The SEM and EDS results before and after fracturing-fluid treatments on the source-rock samples showed the microstructural changes for all three fluids. For 2% KCl and slickwater fluid, reopening of some mineral-filled natural fractures was observed. The enlargement of the aperture for pre-existing microfractures was slightly more noticeable for samples treated with 2% KCl compared with slickwater at the micrometer scale. In one sample, dissolution of organic matter was captured in the slickwater-fluid-treated rock sample. Mineral precipitation of sodium chloride (NaCl) and generation of new microfractures were observed for samples treated with synthetic seawater.

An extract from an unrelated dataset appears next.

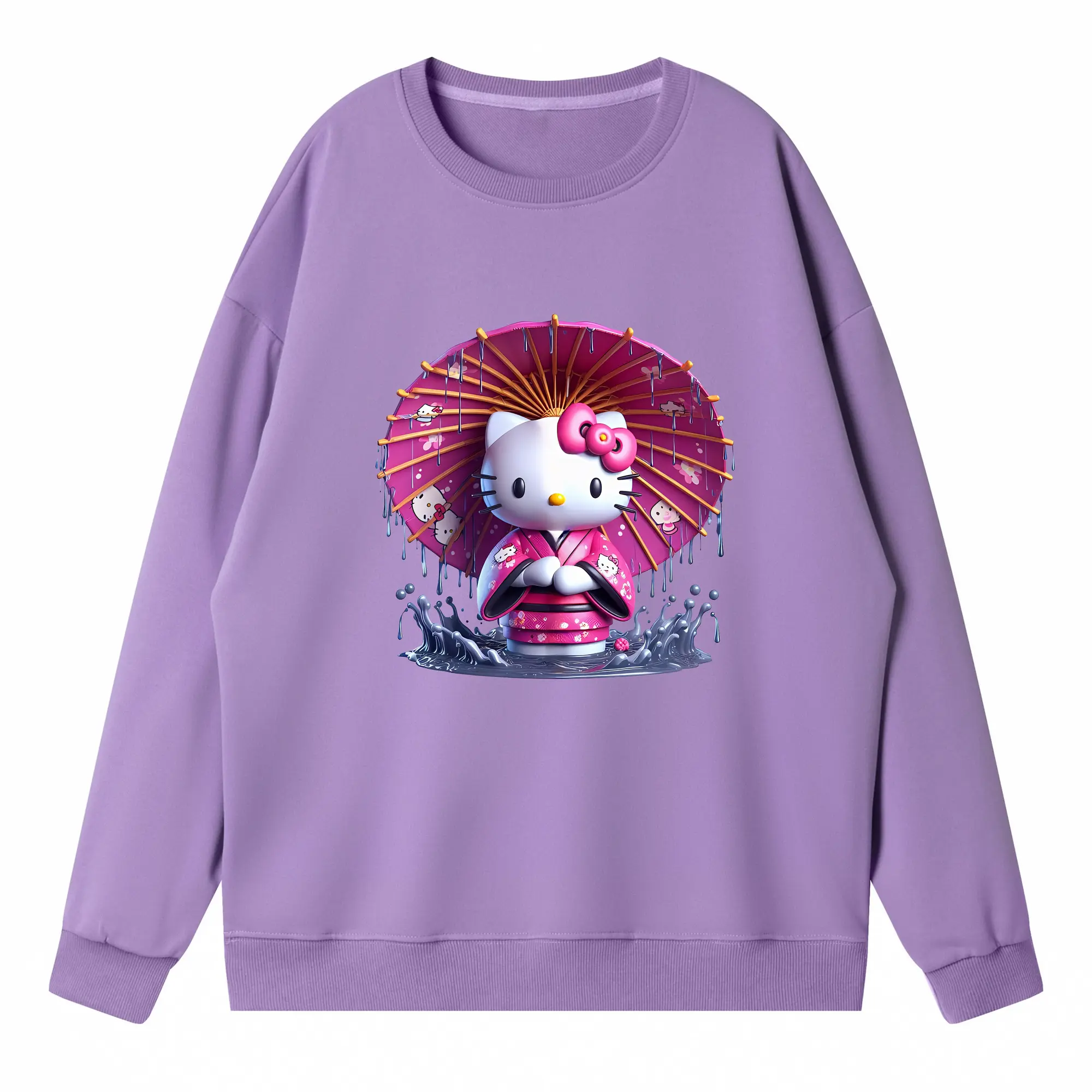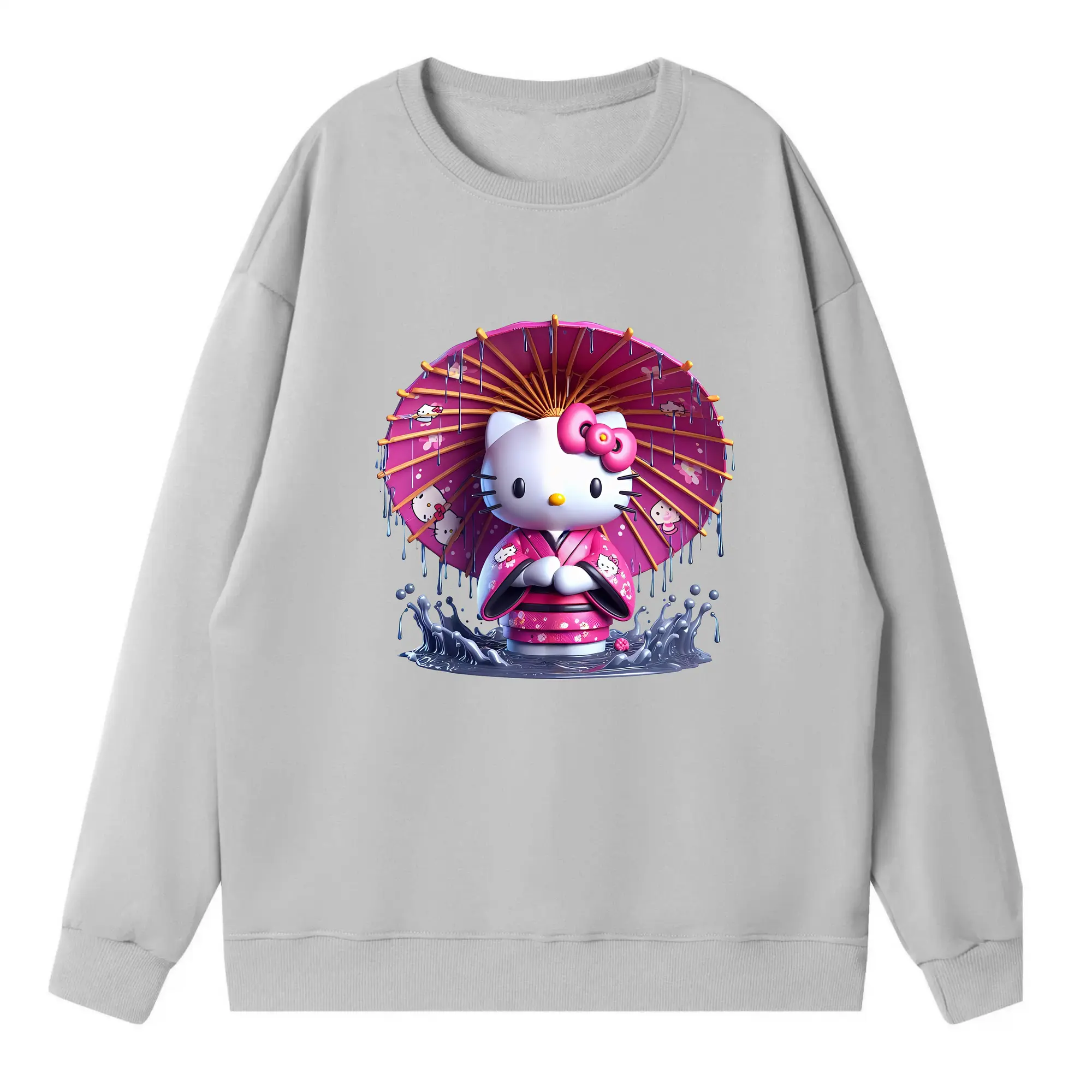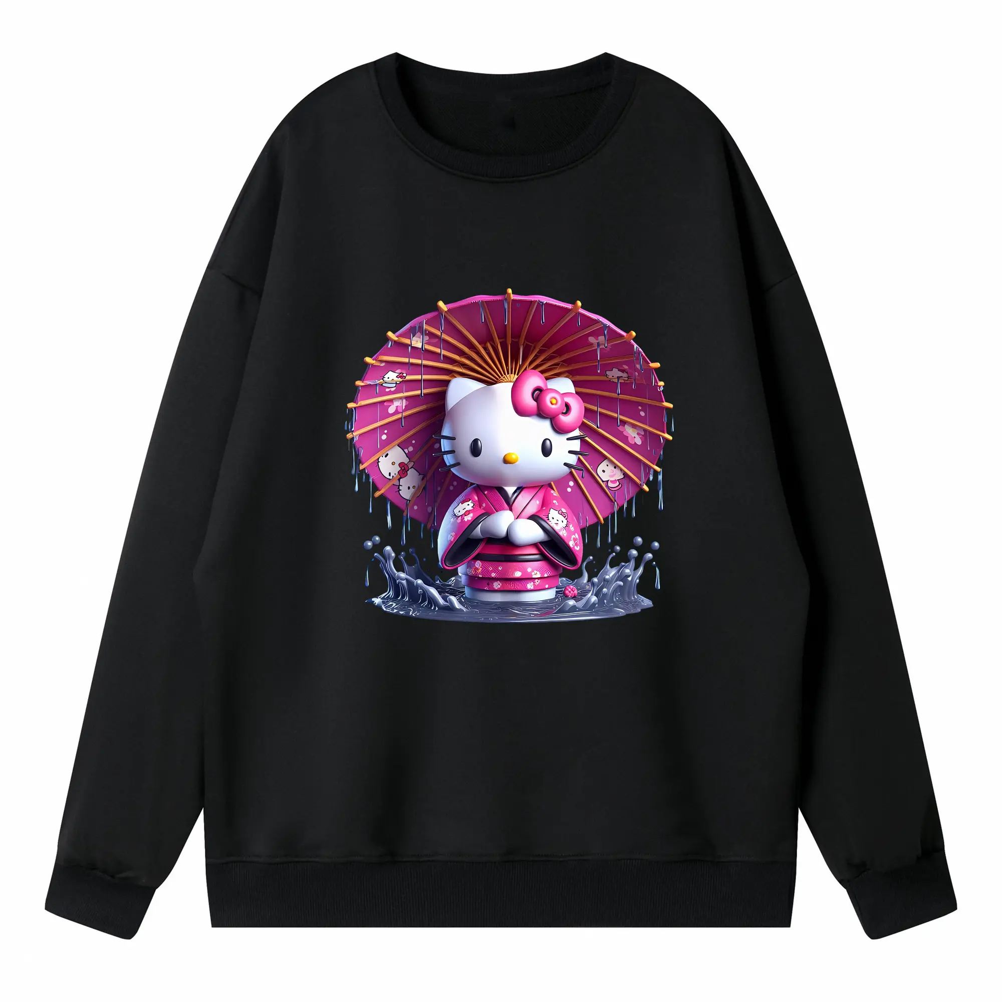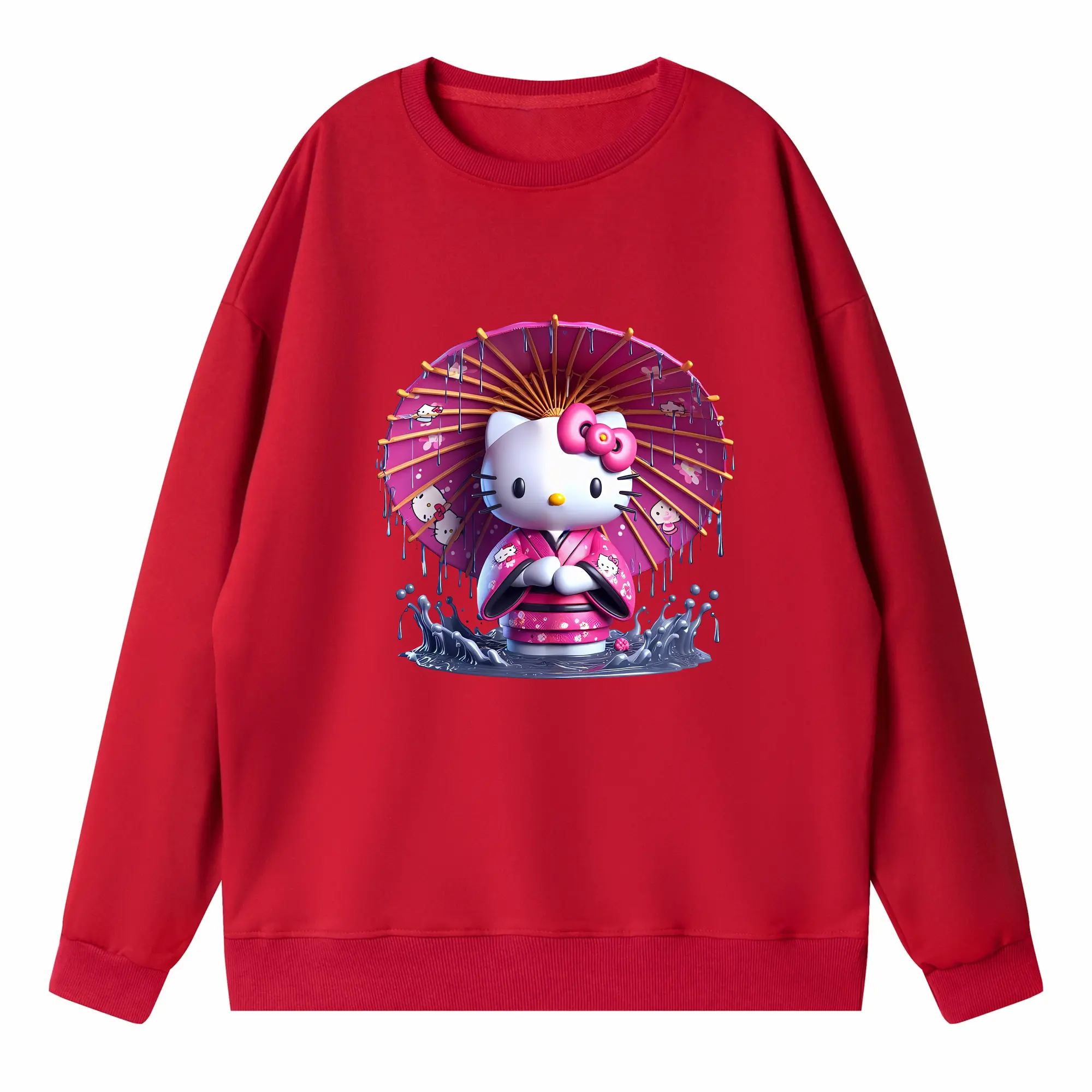 サンリオ グッズ,ハローキティ - 薄手 クルーネック スウェット 裏毛260g · ポリエステル 春秋向け カジュアル 男女兼用 · トレーナー デイリー スポーツ 散歩に最適
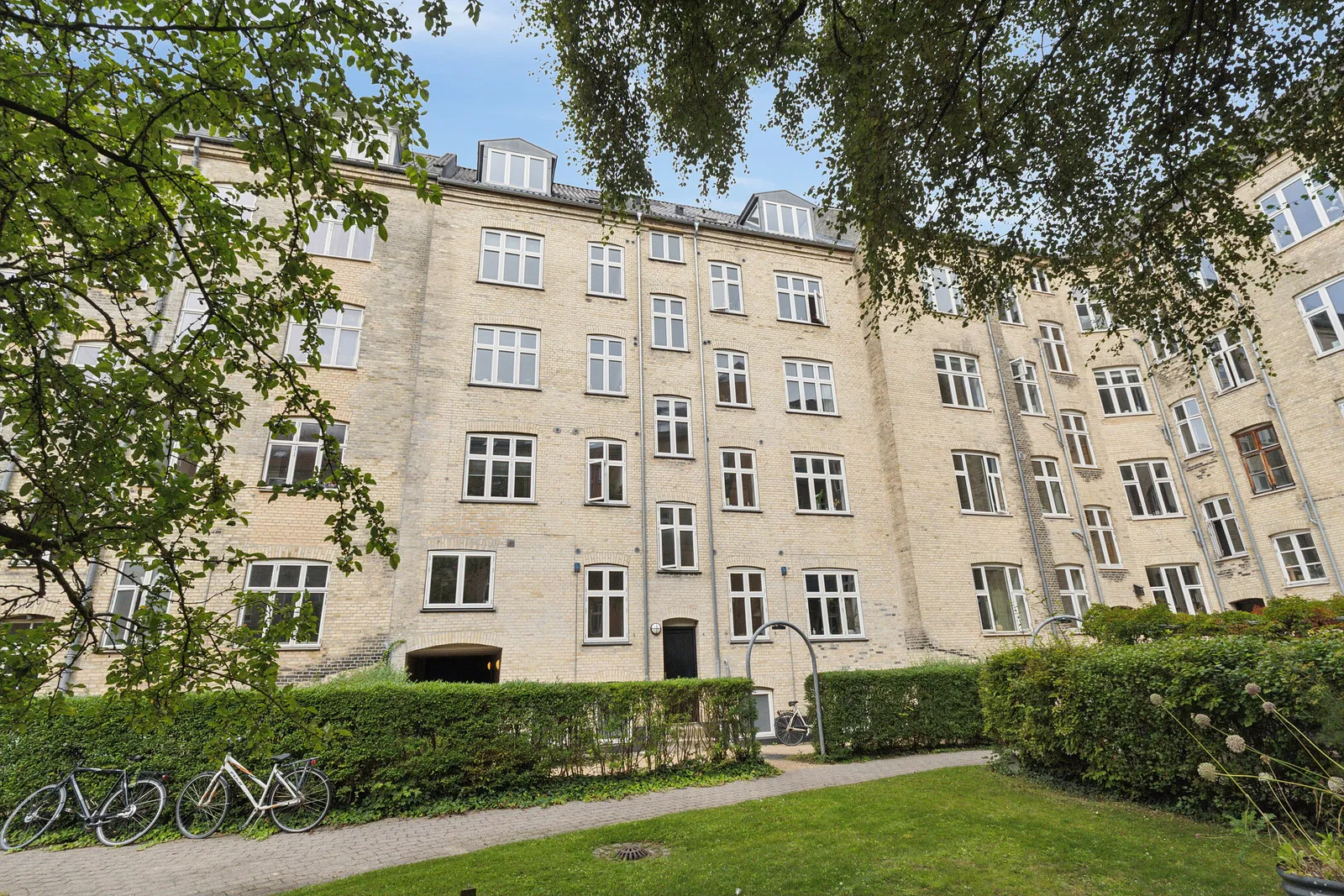 En klassisk murstensejendom med adgang til et velplejet, grønt gårdmiljø, der byder på stisystemer, opholdspladser og cykelparkering. Et dejligt åndehul midt i byen, hvor du kan nyde de stille stunder.

The formation of new microfractures and the dissolution of minerals could result in increases in both porosity and permeability, whereas the mineral deposition would result in permeability decrease. The overall increase in absolute gas permeability was quantified by the experimental measurements under different effective stress for the core-plug samples. This effect on absolute-gas-permeability increase might have an important implication for hydrocarbon recovery from unconventional reservoirs.
This study provides experimental evidence at different scales that aqueous-based fracturing fluid might potentially have a positive effect on gas production from organic-rich carbonate source rock by increasing absolute gas permeability through mineral dissolution and generation of new fractures or reopening of existing microfractures. This observation will be beneficial to the future use of freshwater-and seawater-based fluids in stimulating gas production from organic-rich carbonate formations.